# Registrierung der Rahmennummer bei Cube?



## j-man (2. April 2008)

Hallo,

wisst Ihr, ob es die Möglichkeit gibt, seine Rahmennummer bei Cube registrieren zu lassen (Diebstahlverfolgung)? Auf der Homepage habe ich nichts gefunden. 

Danke für Hinweise.


----------



## Folcan (2. April 2008)

Hi,

ich fahr auch nen Cube und beim Kauf hat der Händler die Rahmennummer Notiert und soweit ich weiß an Cube weitergegeben. Sonst weiß ich aber auch nich weiter.


----------



## MTB-News.de




----------



## Snevern (3. April 2008)

Wir Leiten die Nummern nicht weiter die werden bei uns auf nem Server gespeichert mit Nahme usw. 

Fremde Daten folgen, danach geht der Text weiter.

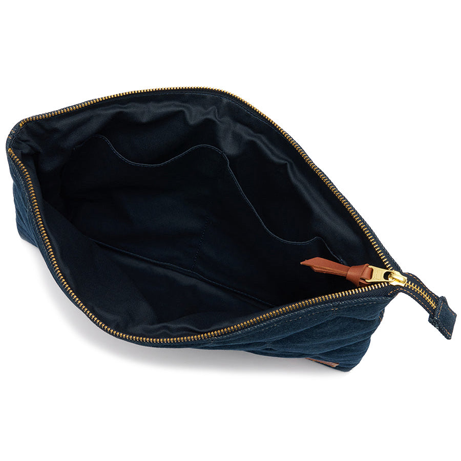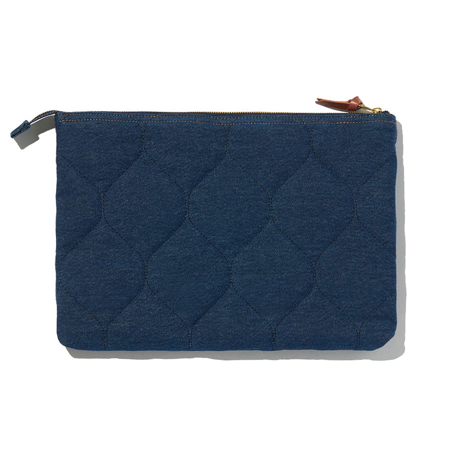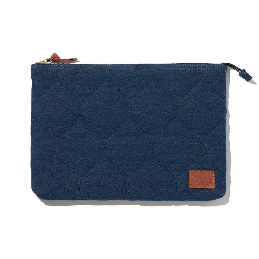 ノートパソコンやタブレットの持ち運びに最適なサイズ感で、クラシックなブルーデニムに加え、ブランドの象徴であるレザーパッチやレザープラーなど、高級感のあるディテールが魅力です。

Und ich habe auch noch nichts gehört davon ob man es machen kann !!!


Gruß Snevern


----------



## j-man (3. April 2008)

Snevern schrieb:


> Wir Leiten die Nummern nicht weiter die werden bei uns auf nem Server gespeichert mit Nahme usw.
> 
> Und ich habe auch noch nichts gehört davon ob man es machen kann !!!
> 
> ...



Bist Du denn Händler oder wie darf ich das verstehen?


----------



## tutterchen (3. April 2008)

das sieht man doch schon an seinem "nahmen"


----------



## Snevern (3. April 2008)

j-man schrieb:


> Bist Du denn Händler oder wie darf ich das verstehen?




Ich Arbeite im Fahrrad Laden und wir Führen auch Cube Räder!!!!


Gruß Snevern


----------



## Snevern (3. April 2008)

tutterchen schrieb:


> das sieht man doch schon an seinem "nahmen"



Oh ja das eine H ist zu viel sorry


----------



## j-man (3. April 2008)

ok. Wenn Ihr die Nummern nur bei EUCH speichert, habe ich natürlich nichts davon


----------